[November 14, 2016] While waiting to vote this past week, Election Day Tuesday, I struck up a conversation with an older gentleman and his wife. He was a Korean War veteran, she a retired state judge, both were vivid reminders of how much our older generation still has to contribute. While none of us volunteered who we would be voting, the conversation quickly turned to how much power the U.S. president has gained over the past 50 plus years or so. Such a concept is not new but the two authors I highlight today reinforce that idea and are convincing why it has happened without much notice by the people or by the Congress. Good reading!
The Cult of the Presidency: America’s Dangerous Devotion to Executive Power , Gene Healy, 2008 (updated 2009)
Cato Institute scholar and author Gene Healy has written about a subject most people in Washington D.C. don’t want you to hear about. Both political parties, as well as the American people, want a stronger, more active, more powerful president who can fix the world’s problems and fulfill their individual needs. Healy convincingly argues that the more power the U.S. president gains – in opposition to the constitutionally arranged checks and balances – the more danger the citizens are exposed to regardless of political party. The presidency has morphed into a messianic, personality-centered cult, not the modest office of the executive branch. Healy does a great job at tracing the growth of this power of the office from one of specified and limited power at the time of our Founding Fathers to one of tremendous power today. This explains the gross overreach in the last several political administrations. Highly recommended.

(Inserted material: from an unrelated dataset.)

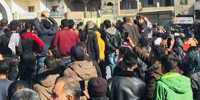 وذكرت مصادر محلية لمراسل سانا أن المئات من أهالي مدينة الرقة تجمعوا عند دوار النعيم للتنديد بميليشيا (قسد)، وانتهاكاتها وممارساتها الترهيبية، ولا سيما تسترها مؤخراً على مجرمين أقدموا على قتل امرأة وطفلتها في حي المشلب.
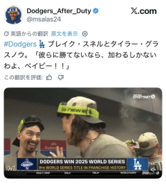 【MLB】ワールドシリーズ最終戦 ドジャースが延長戦を制して優勝!山本由伸が抑えて連覇達成!

False Idol: Barack Obama and the Continuing Cult of the Presidency, Gene Healy, 2012
Author Gene Healy follows up on his 2008 book (see above) which was written at the end of the George Bush, Jr. presidency. The latest book uses president Obama’s first term as a major example to validate his original arguments. Healy tells us that Obama has claimed broad powers over the U.S. economy, foreign affairs (including treaties), the power to launch wars, assassinate American citizens abroad (not on the battlefield), and greatly empower large bureaucracies that have no accountability to the Congress or the American people. The campaigns for Obama were a chance to show everyone that he could miraculously “transform America” and solve all the nations problems including “slowing the rising tides of climate change.” Note however that this is not a hit piece on Obama but on the steadily increasing power of the presidency that threatens our freedoms. Highly recommended.